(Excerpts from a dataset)
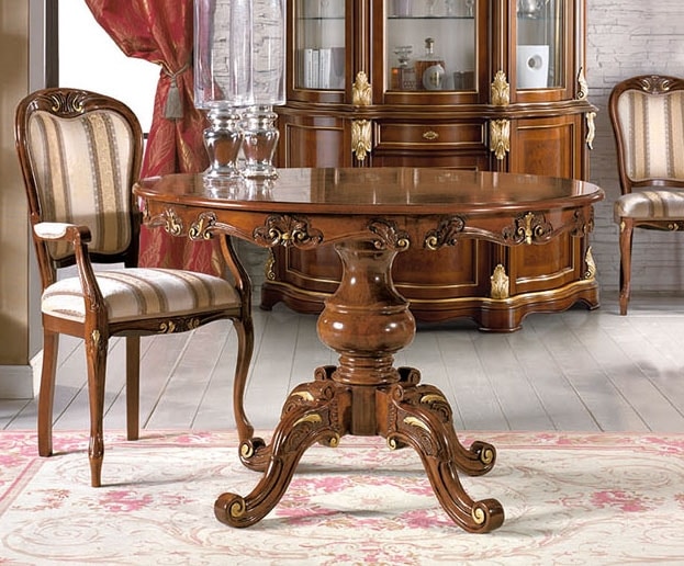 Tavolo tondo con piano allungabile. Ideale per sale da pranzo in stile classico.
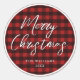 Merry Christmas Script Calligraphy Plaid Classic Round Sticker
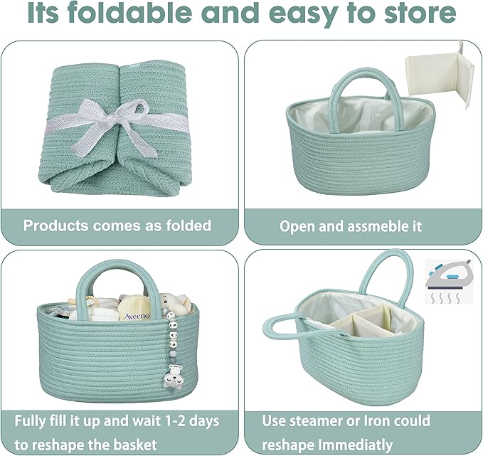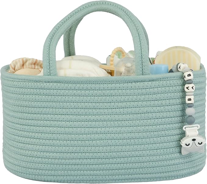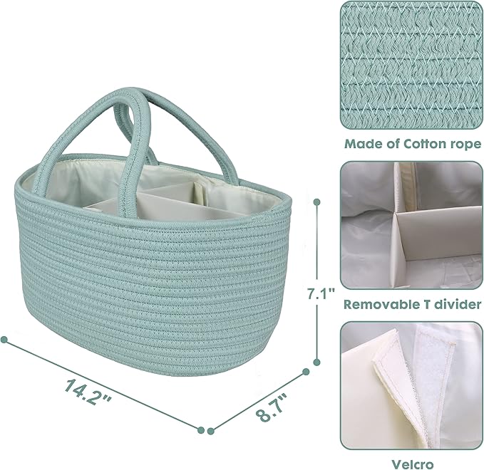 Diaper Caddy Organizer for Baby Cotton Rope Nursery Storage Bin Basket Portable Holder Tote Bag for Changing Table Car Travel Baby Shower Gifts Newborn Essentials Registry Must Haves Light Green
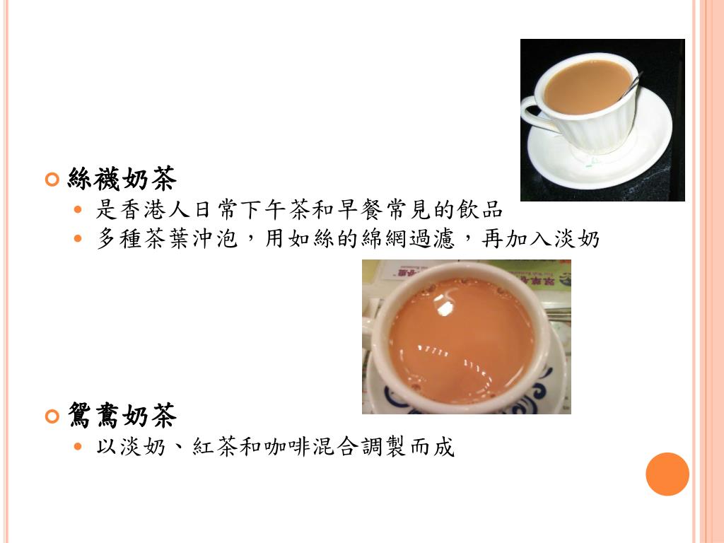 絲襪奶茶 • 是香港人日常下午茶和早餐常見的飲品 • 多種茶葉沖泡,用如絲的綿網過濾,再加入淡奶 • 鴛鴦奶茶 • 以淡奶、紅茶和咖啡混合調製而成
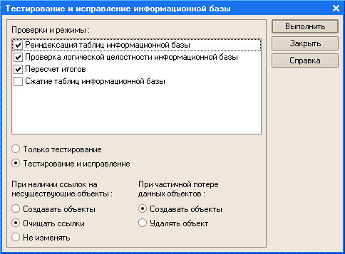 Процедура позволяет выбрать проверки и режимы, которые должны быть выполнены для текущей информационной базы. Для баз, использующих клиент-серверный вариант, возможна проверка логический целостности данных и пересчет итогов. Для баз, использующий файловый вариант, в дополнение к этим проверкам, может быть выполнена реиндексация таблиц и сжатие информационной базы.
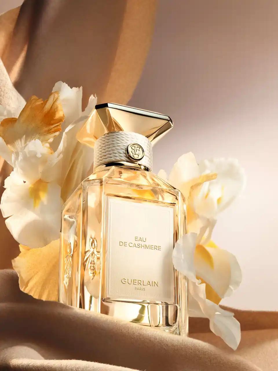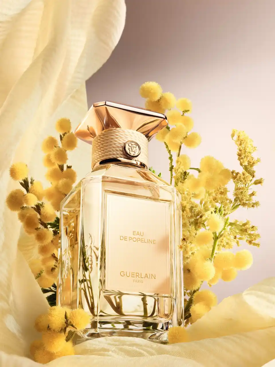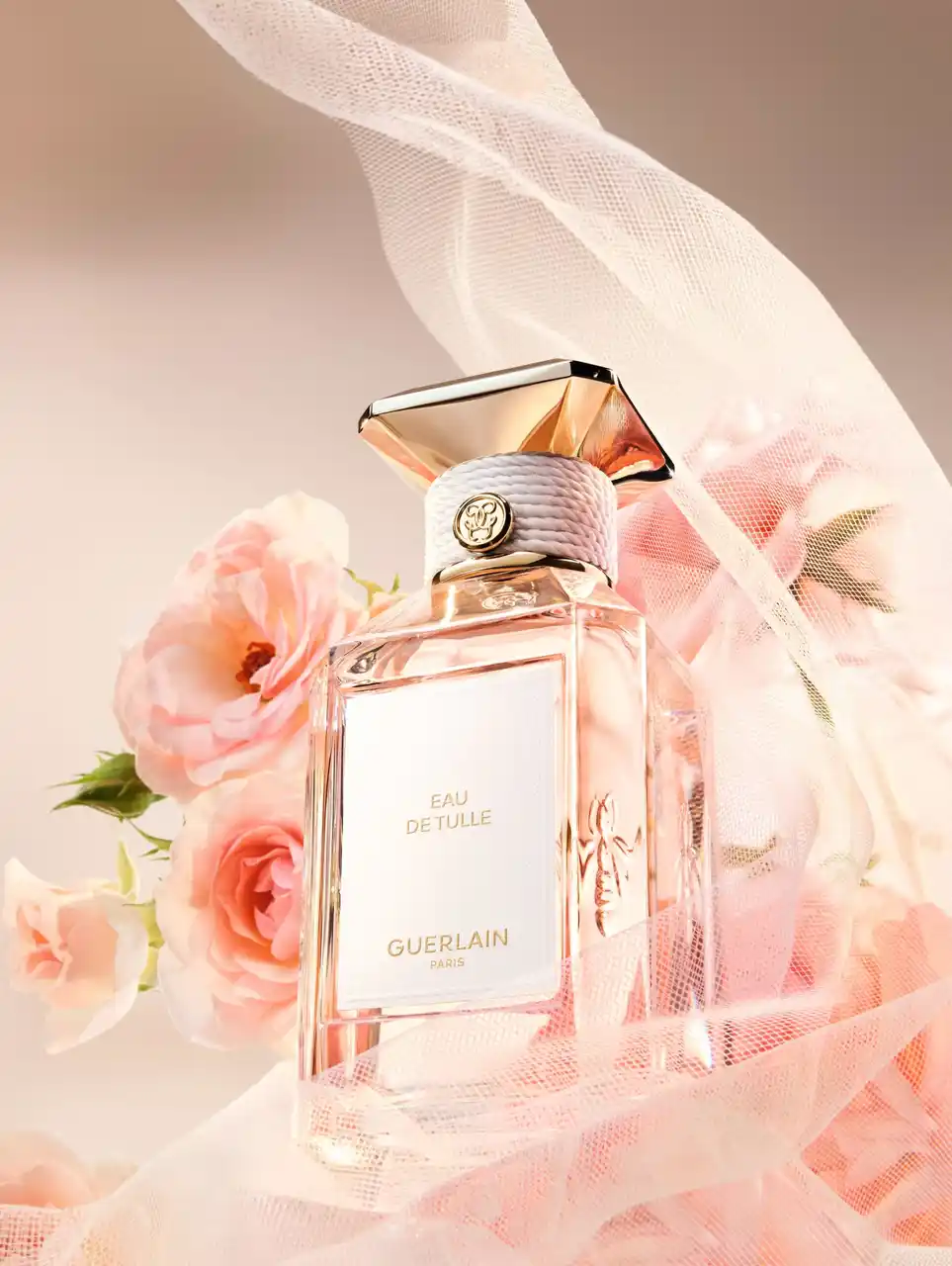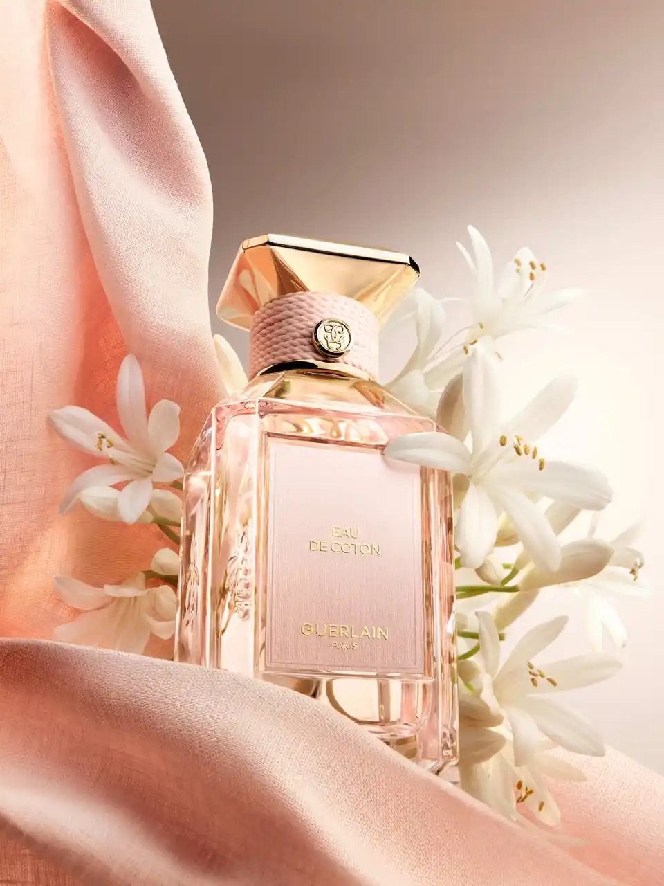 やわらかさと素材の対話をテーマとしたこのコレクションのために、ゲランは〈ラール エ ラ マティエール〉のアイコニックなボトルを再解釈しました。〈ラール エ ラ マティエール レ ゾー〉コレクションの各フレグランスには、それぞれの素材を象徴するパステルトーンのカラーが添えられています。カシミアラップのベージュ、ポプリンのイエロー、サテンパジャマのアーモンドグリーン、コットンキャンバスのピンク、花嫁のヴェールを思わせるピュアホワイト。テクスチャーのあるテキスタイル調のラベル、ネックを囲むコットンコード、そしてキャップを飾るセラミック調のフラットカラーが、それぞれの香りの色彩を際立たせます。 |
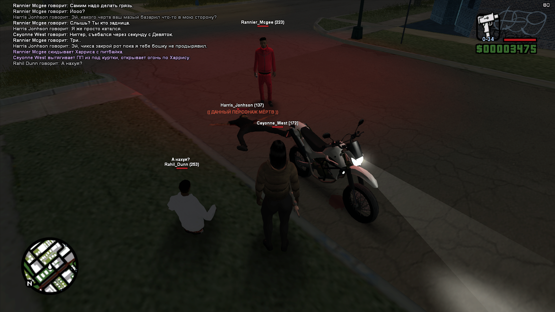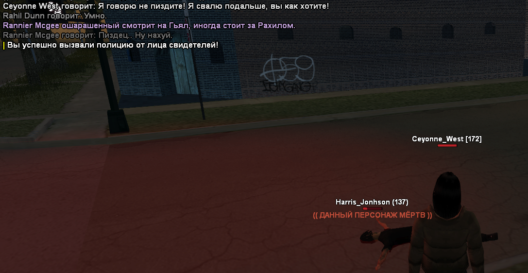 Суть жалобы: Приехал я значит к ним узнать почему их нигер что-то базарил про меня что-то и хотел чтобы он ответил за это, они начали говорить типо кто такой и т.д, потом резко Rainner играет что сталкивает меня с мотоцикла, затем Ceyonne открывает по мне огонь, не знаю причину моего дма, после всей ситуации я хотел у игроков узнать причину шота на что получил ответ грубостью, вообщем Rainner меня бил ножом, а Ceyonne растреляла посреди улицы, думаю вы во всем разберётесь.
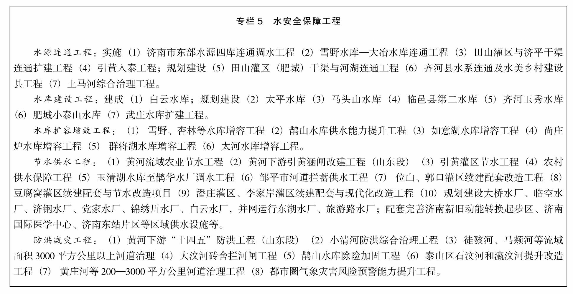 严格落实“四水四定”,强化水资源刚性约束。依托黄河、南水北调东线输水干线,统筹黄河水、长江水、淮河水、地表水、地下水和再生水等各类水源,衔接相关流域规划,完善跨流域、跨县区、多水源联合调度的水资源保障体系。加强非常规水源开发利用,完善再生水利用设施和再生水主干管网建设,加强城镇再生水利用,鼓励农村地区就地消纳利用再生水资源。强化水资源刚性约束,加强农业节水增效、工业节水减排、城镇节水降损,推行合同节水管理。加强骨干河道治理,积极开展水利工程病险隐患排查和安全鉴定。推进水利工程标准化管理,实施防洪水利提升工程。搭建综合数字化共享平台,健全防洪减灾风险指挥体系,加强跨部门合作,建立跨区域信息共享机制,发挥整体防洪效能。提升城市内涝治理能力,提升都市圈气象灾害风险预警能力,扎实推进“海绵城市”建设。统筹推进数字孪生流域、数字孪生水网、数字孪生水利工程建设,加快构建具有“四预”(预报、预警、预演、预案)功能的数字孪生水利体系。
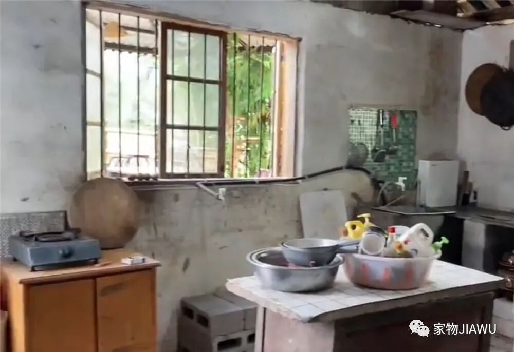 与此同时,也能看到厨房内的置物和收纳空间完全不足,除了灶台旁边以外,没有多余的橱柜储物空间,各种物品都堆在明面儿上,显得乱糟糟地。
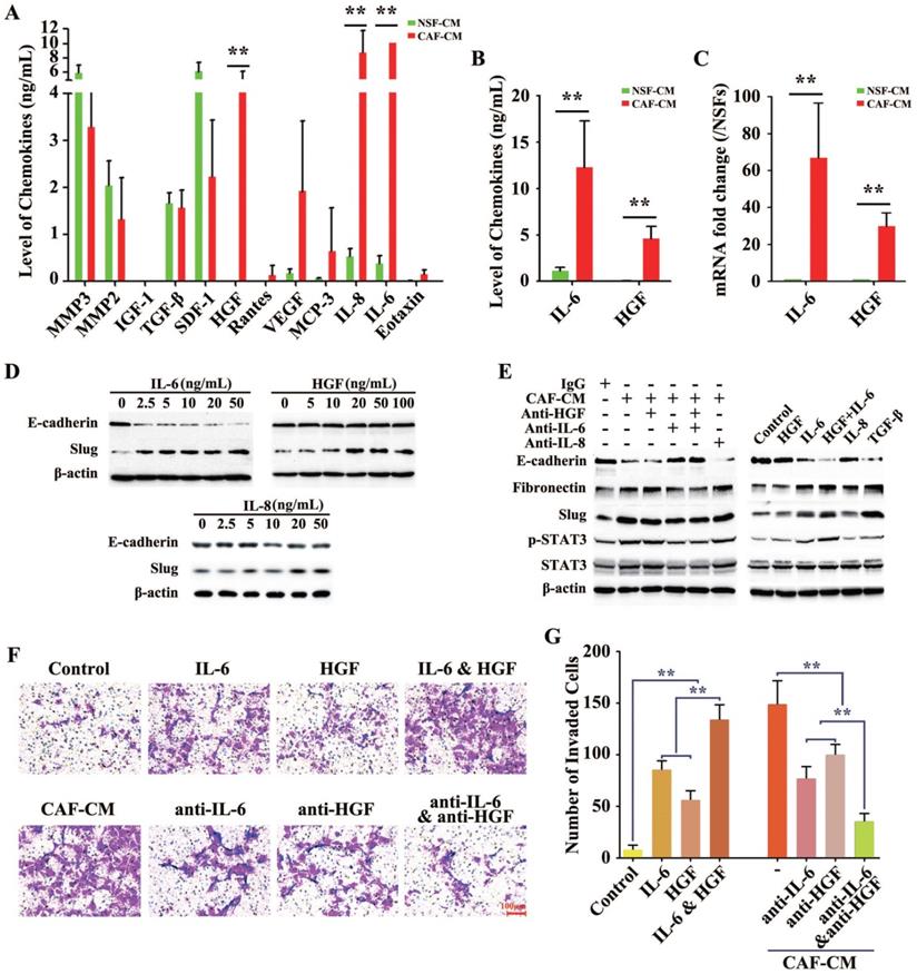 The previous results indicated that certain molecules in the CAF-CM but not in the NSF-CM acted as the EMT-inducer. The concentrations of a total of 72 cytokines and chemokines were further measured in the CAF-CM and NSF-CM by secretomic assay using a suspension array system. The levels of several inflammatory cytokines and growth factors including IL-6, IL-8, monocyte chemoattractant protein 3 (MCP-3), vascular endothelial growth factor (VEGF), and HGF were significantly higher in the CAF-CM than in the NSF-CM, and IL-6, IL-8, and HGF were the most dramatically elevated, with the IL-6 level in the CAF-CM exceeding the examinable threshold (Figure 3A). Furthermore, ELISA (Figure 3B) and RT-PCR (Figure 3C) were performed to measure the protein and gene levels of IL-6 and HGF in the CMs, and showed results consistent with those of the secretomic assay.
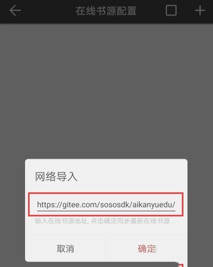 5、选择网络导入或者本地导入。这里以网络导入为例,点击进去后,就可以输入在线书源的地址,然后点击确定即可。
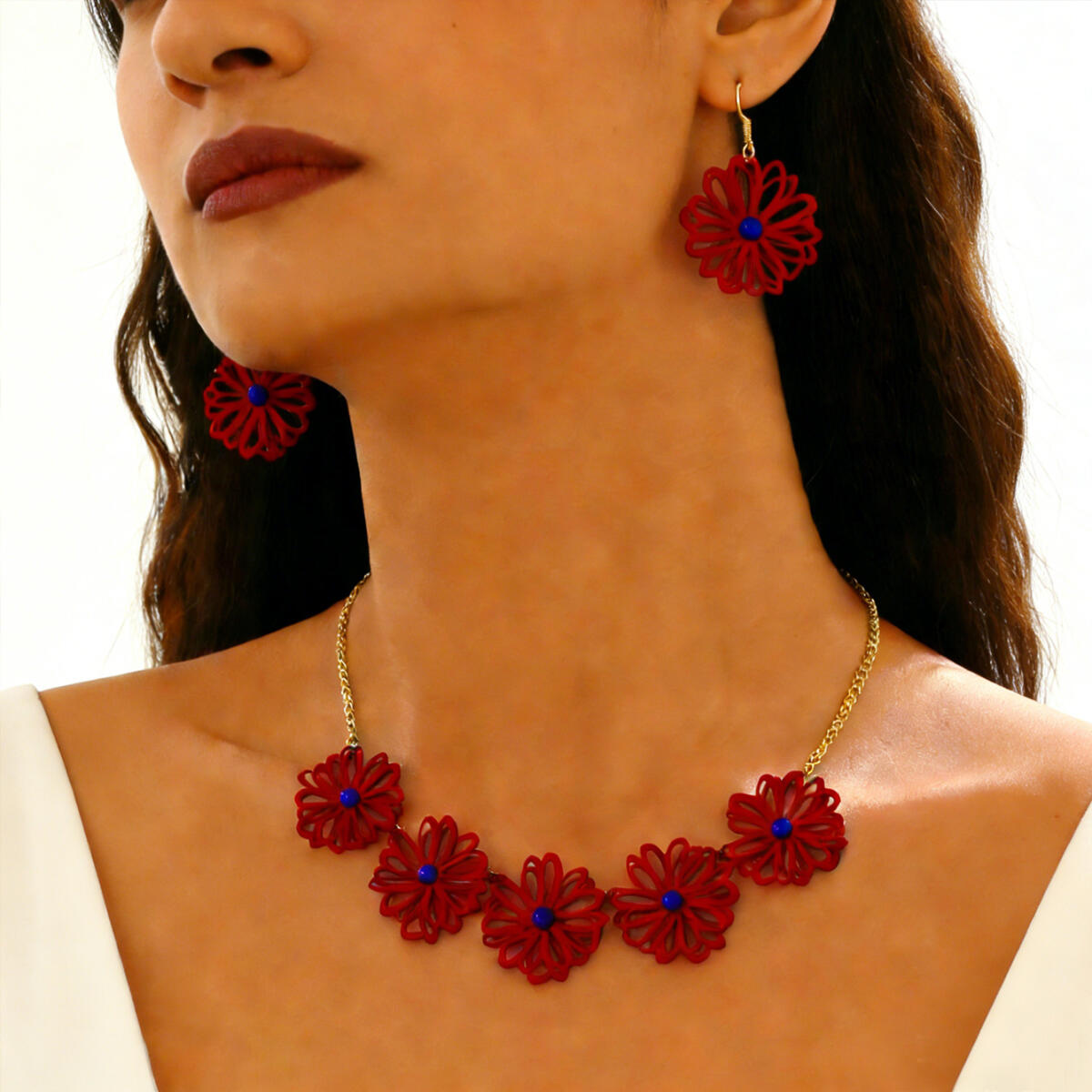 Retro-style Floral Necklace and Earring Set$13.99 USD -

• AIM OF THE TASK:
Copy all the records above exactly, but leave out the pictures.

• TASK RESPONSE:
 Tavolo tondo con piano allungabile. Ideale per sale da pranzo in stile classico.
 Merry Christmas Script Calligraphy Plaid Classic Round Sticker
 Diaper Caddy Organizer for Baby Cotton Rope Nursery Storage Bin Basket Portable Holder Tote Bag for Changing Table Car Travel Baby Shower Gifts Newborn Essentials Registry Must Haves Light Green
 絲襪奶茶 • 是香港人日常下午茶和早餐常見的飲品 • 多種茶葉沖泡,用如絲的綿網過濾,再加入淡奶 • 鴛鴦奶茶 • 以淡奶、紅茶和咖啡混合調製而成
 Процедура позволяет выбрать проверки и режимы, которые должны быть выполнены для текущей информационной базы. Для баз, использующих клиент-серверный вариант, возможна проверка логический целостности данных и пересчет итогов. Для баз, использующий файловый вариант, в дополнение к этим проверкам, может быть выполнена реиндексация таблиц и сжатие информационной базы.
 やわらかさと素材の対話をテーマとしたこのコレクションのために、ゲランは〈ラール エ ラ マティエール〉のアイコニックなボトルを再解釈しました。〈ラール エ ラ マティエール レ ゾー〉コレクションの各フレグランスには、それぞれの素材を象徴するパステルトーンのカラーが添えられています。カシミアラップのベージュ、ポプリンのイエロー、サテンパジャマのアーモンドグリーン、コットンキャンバスのピンク、花嫁のヴェールを思わせるピュアホワイト。テクスチャーのあるテキスタイル調のラベル、ネックを囲むコットンコード、そしてキャップを飾るセラミック調のフラットカラーが、それぞれの香りの色彩を際立たせます。 |
 Суть жалобы: Приехал я значит к ним узнать почему их нигер что-то базарил про меня что-то и хотел чтобы он ответил за это, они начали говорить типо кто такой и т.д, потом резко Rainner играет что сталкивает меня с мотоцикла, затем Ceyonne открывает по мне огонь, не знаю причину моего дма, после всей ситуации я хотел у игроков узнать причину шота на что получил ответ грубостью, вообщем Rainner меня бил ножом, а Ceyonne растреляла посреди улицы, думаю вы во всем разберётесь.
 严格落实“四水四定”,强化水资源刚性约束。依托黄河、南水北调东线输水干线,统筹黄河水、长江水、淮河水、地表水、地下水和再生水等各类水源,衔接相关流域规划,完善跨流域、跨县区、多水源联合调度的水资源保障体系。加强非常规水源开发利用,完善再生水利用设施和再生水主干管网建设,加强城镇再生水利用,鼓励农村地区就地消纳利用再生水资源。强化水资源刚性约束,加强农业节水增效、工业节水减排、城镇节水降损,推行合同节水管理。加强骨干河道治理,积极开展水利工程病险隐患排查和安全鉴定。推进水利工程标准化管理,实施防洪水利提升工程。搭建综合数字化共享平台,健全防洪减灾风险指挥体系,加强跨部门合作,建立跨区域信息共享机制,发挥整体防洪效能。提升城市内涝治理能力,提升都市圈气象灾害风险预警能力,扎实推进“海绵城市”建设。统筹推进数字孪生流域、数字孪生水网、数字孪生水利工程建设,加快构建具有“四预”(预报、预警、预演、预案)功能的数字孪生水利体系。
 与此同时,也能看到厨房内的置物和收纳空间完全不足,除了灶台旁边以外,没有多余的橱柜储物空间,各种物品都堆在明面儿上,显得乱糟糟地。
 The previous results indicated that certain molecules in the CAF-CM but not in the NSF-CM acted as the EMT-inducer. The concentrations of a total of 72 cytokines and chemokines were further measured in the CAF-CM and NSF-CM by secretomic assay using a suspension array system. The levels of several inflammatory cytokines and growth factors including IL-6, IL-8, monocyte chemoattractant protein 3 (MCP-3), vascular endothelial growth factor (VEGF), and HGF were significantly higher in the CAF-CM than in the NSF-CM, and IL-6, IL-8, and HGF were the most dramatically elevated, with the IL-6 level in the CAF-CM exceeding the examinable threshold (Figure 3A). Furthermore, ELISA (Figure 3B) and RT-PCR (Figure 3C) were performed to measure the protein and gene levels of IL-6 and HGF in the CMs, and showed results consistent with those of the secretomic assay.
 5、选择网络导入或者本地导入。这里以网络导入为例,点击进去后,就可以输入在线书源的地址,然后点击确定即可。
 Retro-style Floral Necklace and Earring Set$13.99 USD -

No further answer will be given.